= EMBRACE =

EMBRACE (European Model for Bioinformatics Research and Community Education) was a project established in 2005 consisting of a consortium of 18 european institutions to develop bioinformatics tools and web-services in the life sciences domain in an unified manner. The project concluded in 2010, having produced almost 1000 services across with diverse applications including traditional programs, such as BLAST and ClustalW, and domain-specific tools and resources, such as metabolite substructure prediction or prediction of protein stabilization. The tools were published in a centralized registry.

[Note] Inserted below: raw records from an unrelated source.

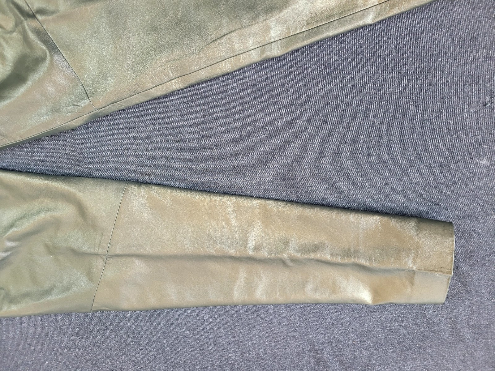 как выглядит Vintage 70s 80s Saks Fifth Avenue Folio Dark Green Metallic Leather Pants XS фото
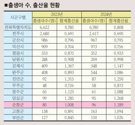 2024년 출산율 순위에서 각각 1, 2위를 차지한 임실군(1.268명)과 진안군(1.250명)에 이어 순창군(1.189명)은 전북 내에서 세 번째로 출산율이 높은 지자체가 됐다. 순창군의 출생아 수도 1년 전보다 증가했는데, 2023년에 80명이었던 출생아 수는 2024년 96명으로 증가하며 100명에 근접했다.
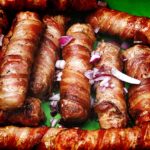 Carregando... Remover Salvar Salvar Carne suína Palitos de carne de porco com bacon Tempo 20m Porção 4
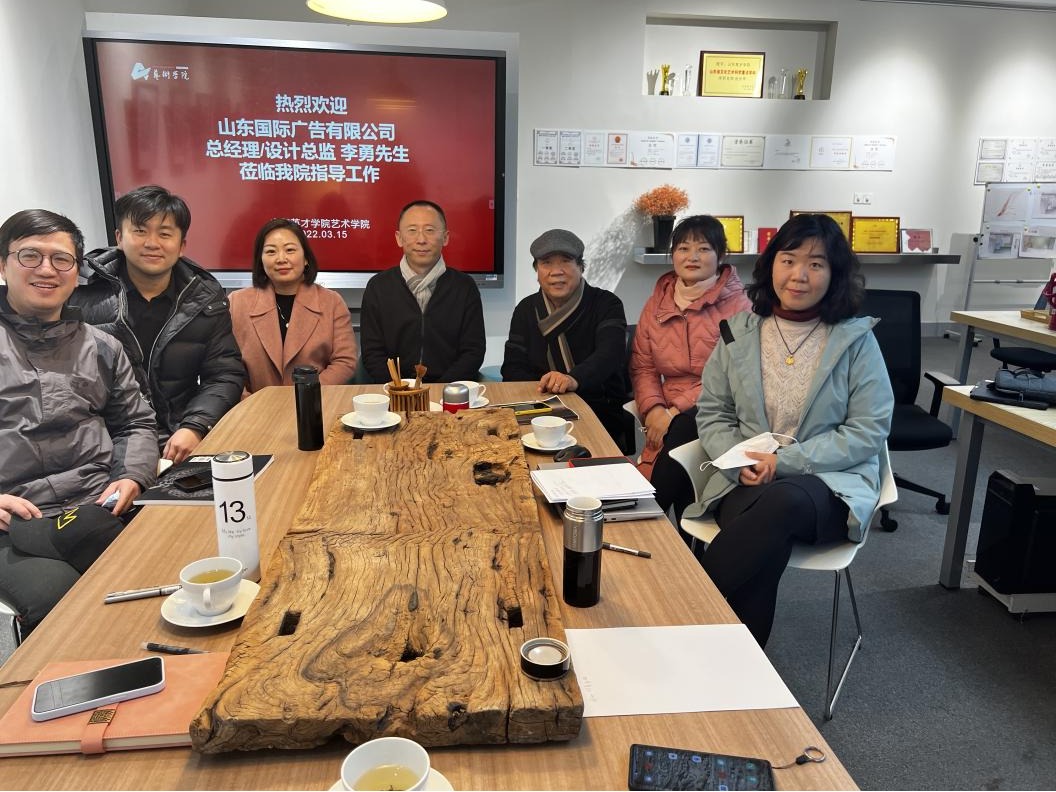 2022年3月17日下午,山东省国际广告有限公司总经理兼设计总监李勇先生来艺术学院进行参观和交流座谈。艺术学院院长周长积教授,艺术学院教学副院长郝莹副教授,视传数媒系主任师欢欢副教授,视传数媒系李俊峰副教授、姚旭鹏副教授和马翔老师一起陪同。先后参观了艺术学院各专业实验室、艺术展览馆和荣誉室,李勇先生对艺术学院的教学环境、教学设计、教学理念和所取得的优异成绩给予了充分肯定。
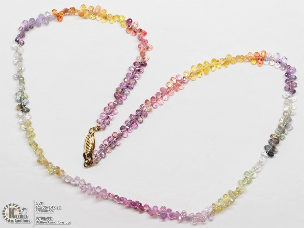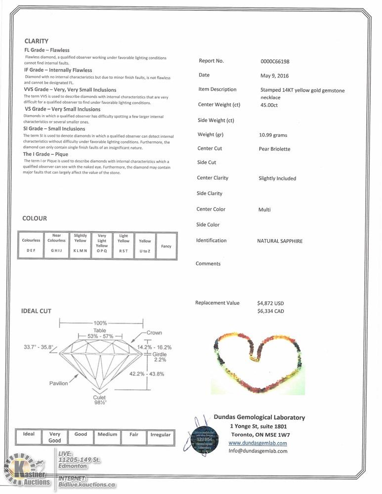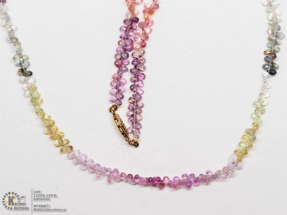 06 - GS91 - 14KT YELLOW GOLD MULTI-COLOUR SAPPHIRE (45.00CT) 16" NECKLACE W/COA. SUGGESTED REPLACEMENT VALUE $6,334.00. JEWELLERY
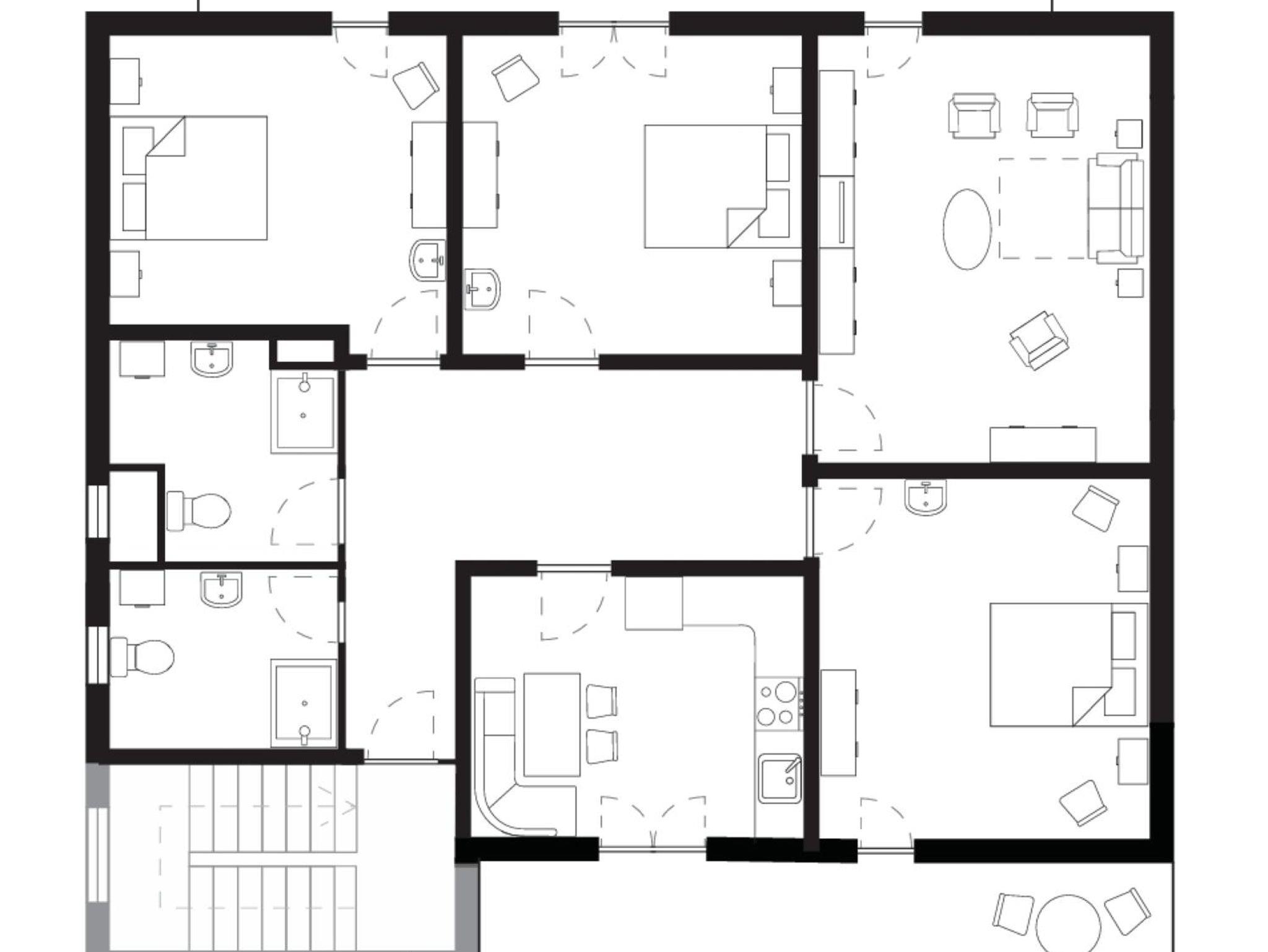Diese Wohnung für 6–8 Personen bietet drei Schlafzimmer mit Doppelbett und Waschbecken, ein Wohnzimmer mit Schlafsofa und eine Küche.

Integration efforts were driven by a set of test problems representing key issues for bioinformatics service providers and end-user biologists. EMBRACE made many bioinformatics web services available to the international research community. As a result, groups throughout Europe were able to use the EMBRACE service interfaces for their own local or proprietary data and tools. The project was run from the EBI in Hinxton, England. Fred Marcus was its EU project coordinator.

The registry, data, and methods developed as part of EMBRACE were used to create EDAM ("EMBRACE Data and Methods"), an ontology of bioinformatics operations (tool or workflow functions), types of data and identifiers, application domains and data formats.

The EMBRACE project was funded by the European Commission within its FP6 Programme, under the thematic area "Life sciences, genomics, and biotechnology for health."